In this study, two main experiments are analyzed. In the first experiment, procedures for calibration and use of capacitance sensors are presented. Considering the effect of wood density on frequency data, calibration is performed on different species and diameter harvested stems to convert the sensor-reported values to stem volumetric water content. In the second experiment, application of 20 TreeTalkers with particular emphasis placed on measuring hourly, daily and monthly sap flow and stem water content fluctuations under well-irrigated and deficit-irrigated treatments of Juglans regia L. was conducted on a study site in northeast of Italy.  

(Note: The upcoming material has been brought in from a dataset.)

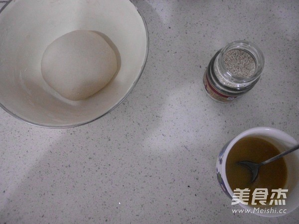 5、这个是静置好的面团炒熟的麻仁和油酥。

The results show that the range of stem water content is highly influenced by environmental factors. Stem water content has a significant portion of the daily tree water uptake. Low water storage occurs in response to drought and less soil water availability, which clarifies the high dependency of trees on stem water content under deficit-irrigated treatments. The diurnal-nocturnal pattern of stem water content and sap flow revealed an inverse relation. Such finding, still under investigation is explained by the important water recharge during the night, likely due to stem volume changes and lateral water distribution rather than by vertical flow rate. 

How to cite: Asgharinia, S., Belelli Marchesini, L., Gianelle, D., and Valentini, R.: Design and Performance Evaluation of Internet of Things (IoT) Based Multifunctional Device for Plant Ecophysiology & Hydrology: Toward Stem Water Content & Sap Flow , EGU General Assembly 2020, Online, 4–8 May 2020, EGU2020-17021, https://doi.org/10.5194/egusphere-egu2020-17021, 2020.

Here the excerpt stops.